Design for portability, not loyalty.
- Split one project across two providers. Run your app logic on one cloud and your storage on another. The goal is not cost savings, it is learning what breaks when you stop assuming a single vendor holds everything.
- Get reps with a cloud coding agent. Try OpenAI Codex with its persistent cloud workspaces from the Ona acquisition so you feel the demand surge from the inside, where the agent keeps project state between sessions.

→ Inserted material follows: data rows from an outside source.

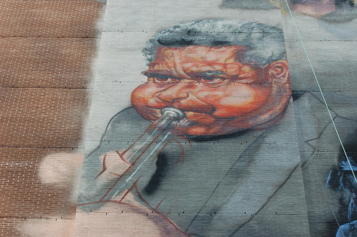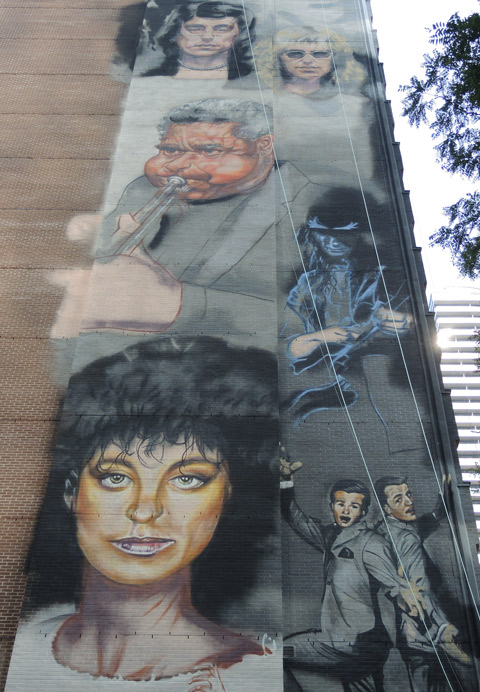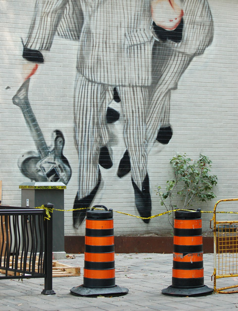 Last November I blogged about a large 22 storey mural on Yonge Street just below College (music makers on Yonge ). This mural was by Adrian Hayles and it includes many Canadian music icons. Recently, Hayles has created a matching mural of the same size on the other side (south side) of the building at 423 Yonge Street with portraits of more Canadian musicians.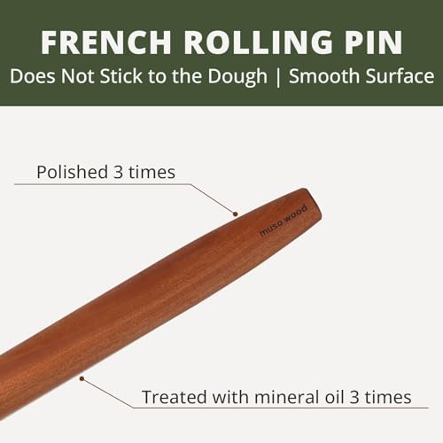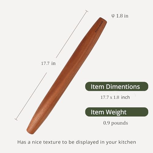 Muso Wood Sapele Wooden French Rolling Pin for Baking, Tapered Roller for Fondant, Pie Crust, Cookie, Pastry (French 17.5inch)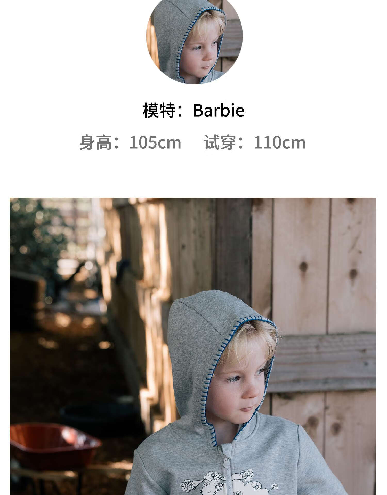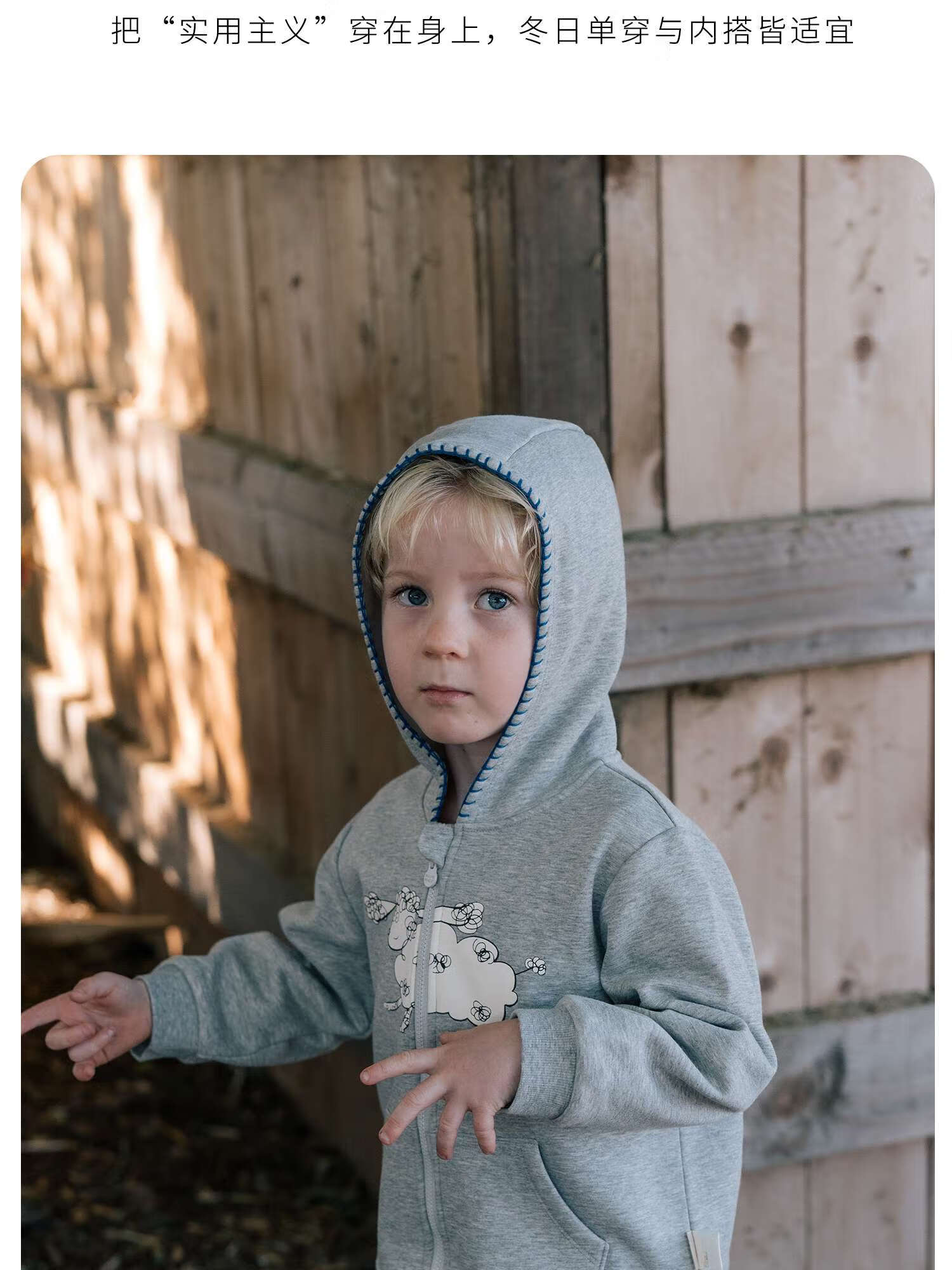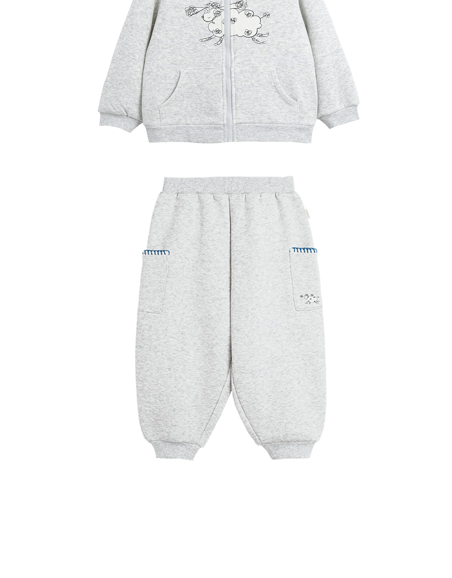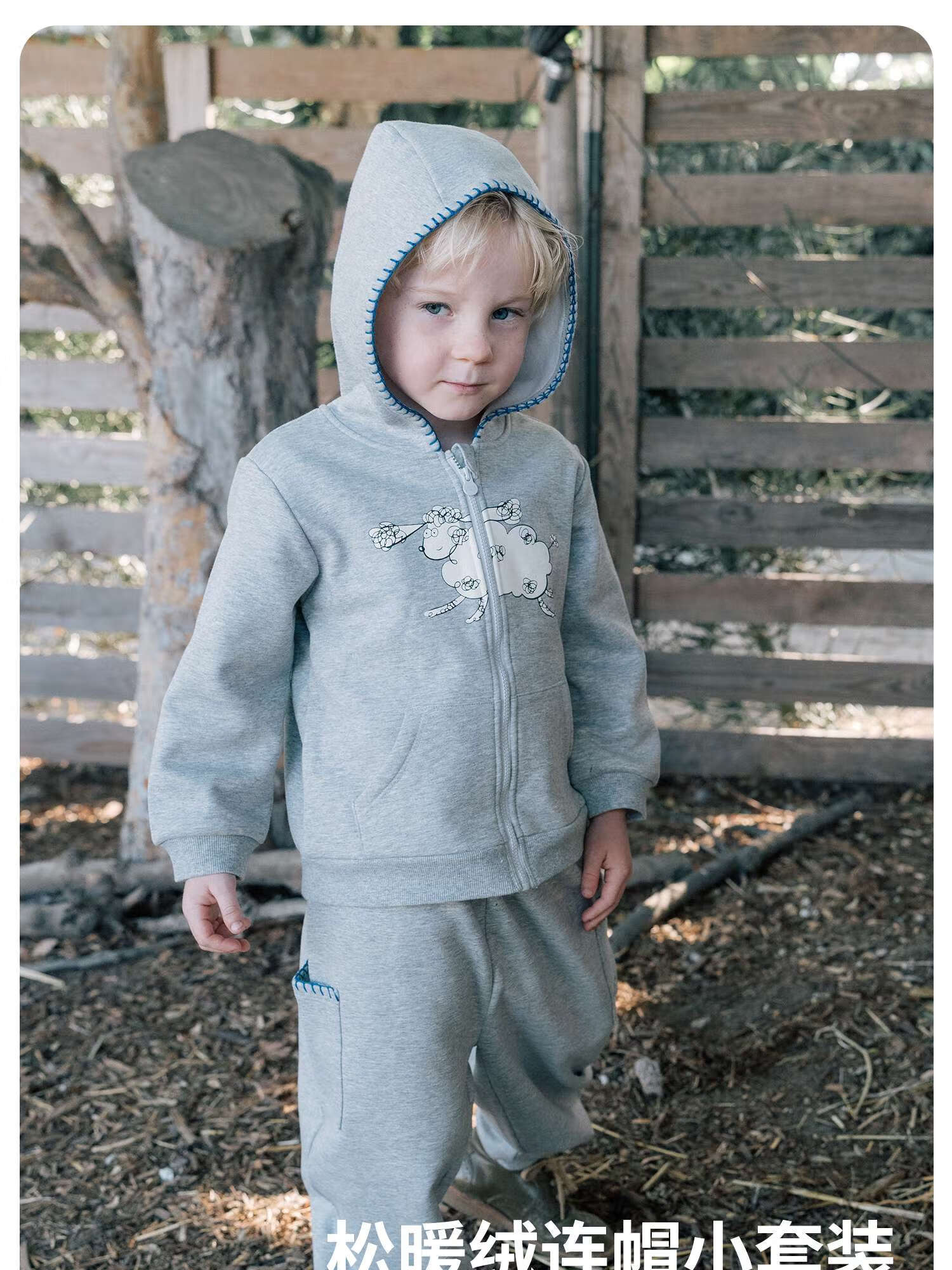white wheat儿童2025冬季新款保暖套装男女童卡通宝宝连帽上衣裤子 灰色卫衣 90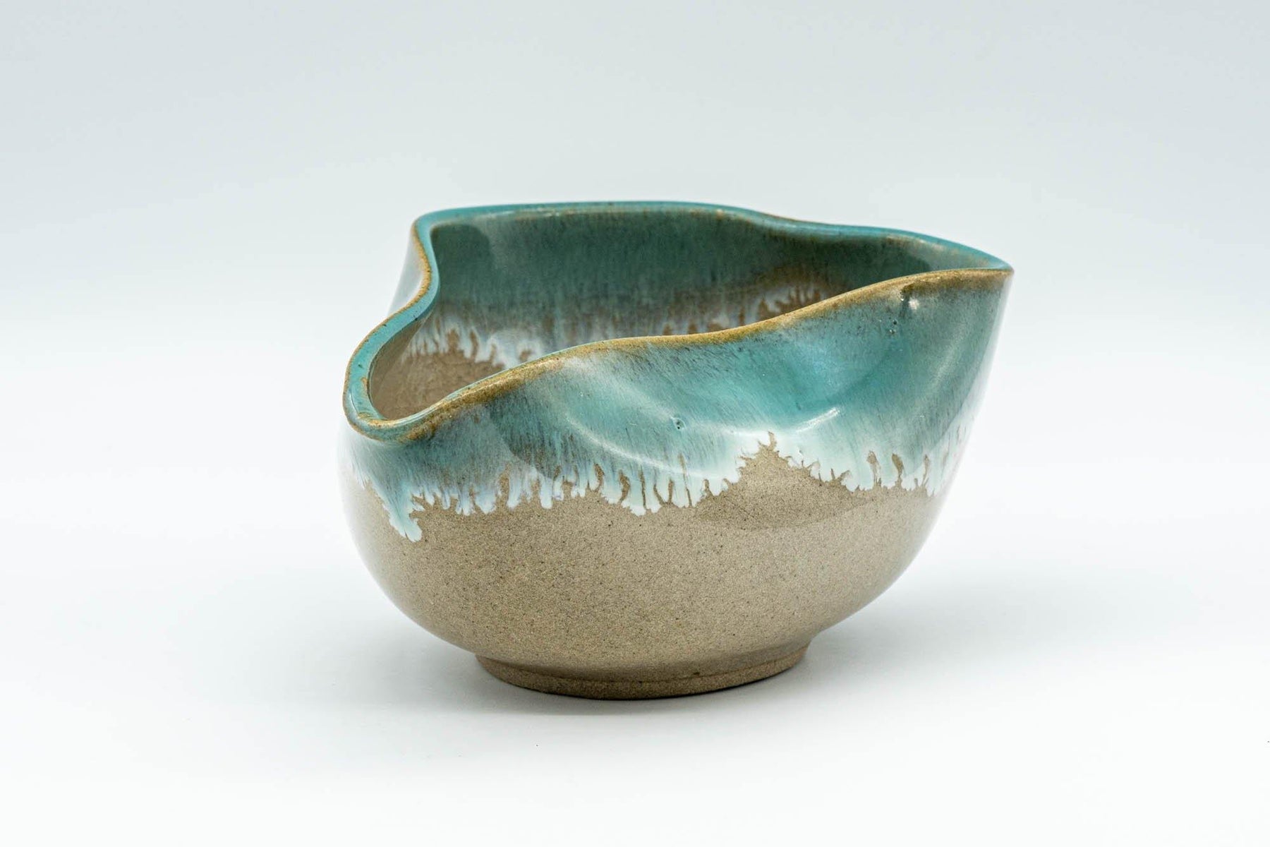 This Agano-yaki handleless yuzamashi (water cooler, also called a katakuchi) features a stunning turquoise enamel glaze.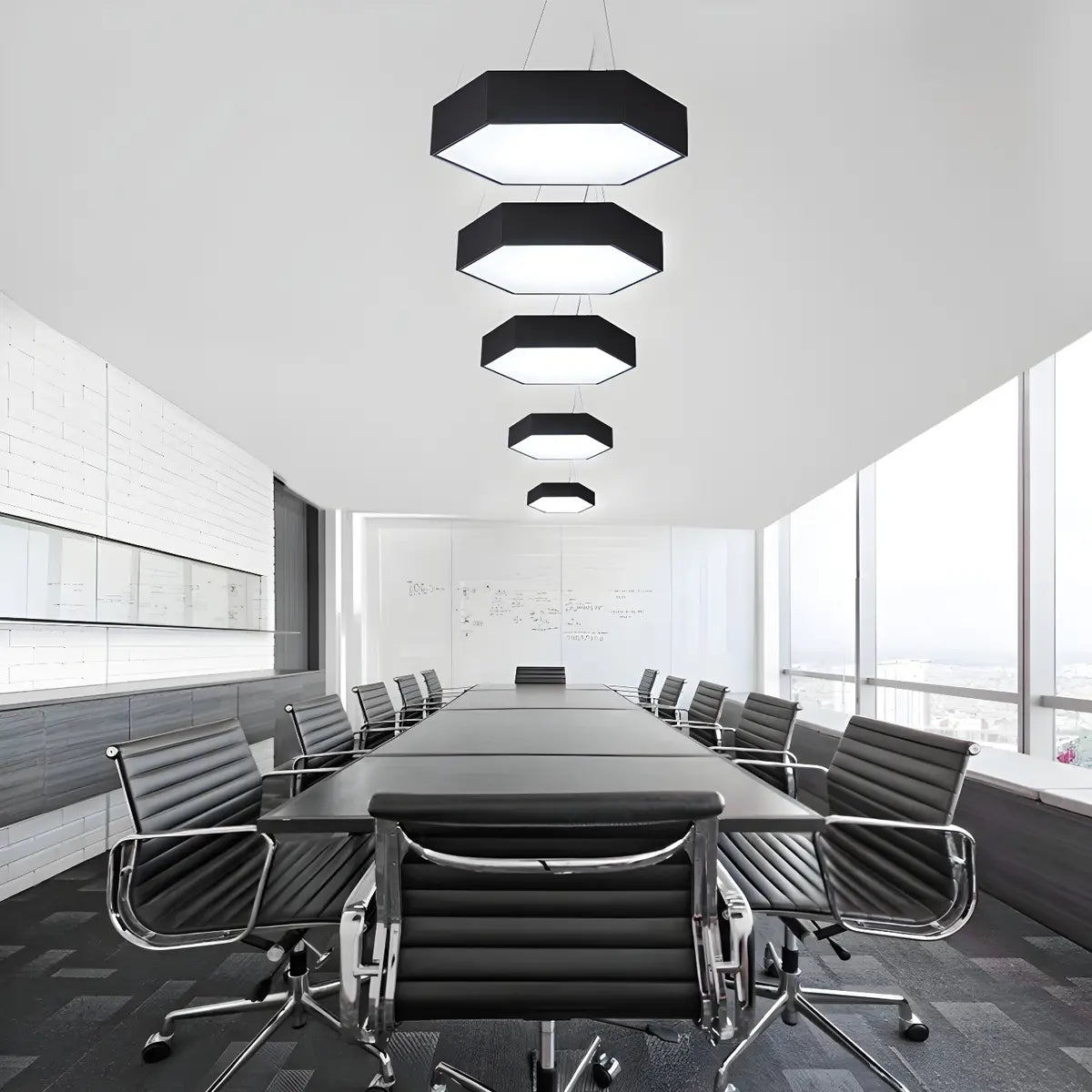 This chandelier, with its simple geometric hexagonal design combined with modern metal texture, presents an elegant and avant-garde visual effect, becoming the highlight of interior decoration. Its black appearance is not only easy to match with various interior styles, but also adds elegance and tranquility to the space.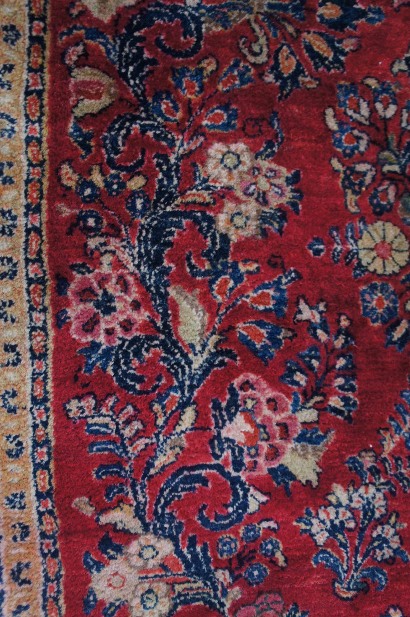 Sarouk rugs have been produced for much of the twentieth century. The early successes of the Sarouk rug are largely owed to the American market. From the 1910s to 1950s, the "American Sarouk", also known as the "painted Sarouk", was produced. American customers had an affinity for the Sarouk’s curvilinear and floral designs. What they did not appreciate, however, was the color, so for much of the 1920s, 1930s and 1940s, rugs exported from Iran were dyed to a desirable, deep, raspberry-red color, once they arrive in the USA.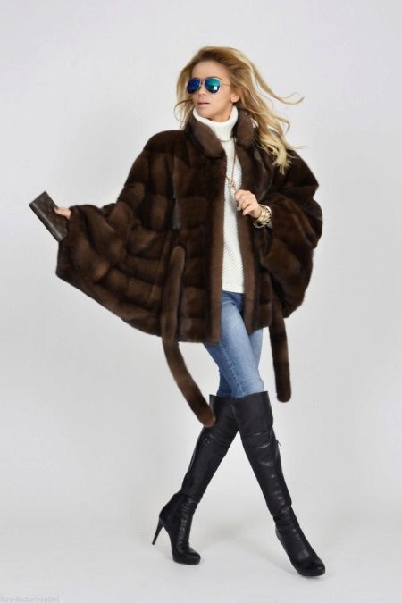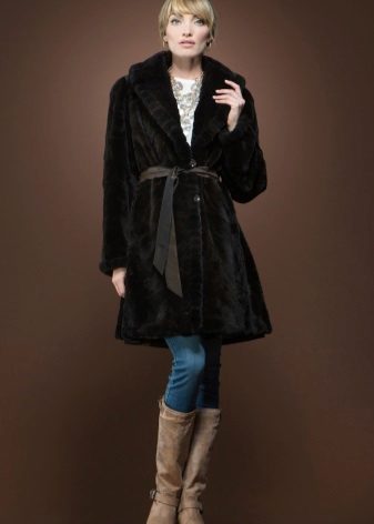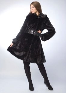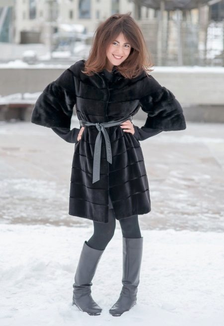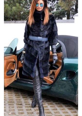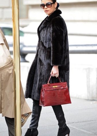 Boots with a low top are very poorly combined with a long mink coat. Shortened shoe length will reduce the effect of rich fur. But clothes with medium length can exist along with similar shoes. In this case, slender legs will be visible, and the fur coat will sparkle in all its splendor. As for the style, but the best option is a straight style and a strict style, although a small flare is acceptable.

- Run something fully local. Use the AMD Lemonade SDK, a local runtime that now also runs on NVIDIA GPUs through CUDA, and test NVIDIA's DiffusionGemma 26B in NVFP4 from Hugging Face on your own machine.
The durable advantage in 2031 is not raw capacity. It is the routing layer.
Microsoft owning Azure and still paying AWS to keep GitHub online is not a humiliation, it is a healthy system feeding its constraint. The fortress model died when AI broke the straight-line demand curve and forced rivals to pool supply. The real moat is now the architecture that routes load across clouds cleanly with security intact, the same way Costco earns on membership, not hot dogs. The open question is correlation: if every cloud booms at once, the safety valve seals and everyone runs hot together. Build for portability now and you will read the next outage better than the engineers chasing the headlines.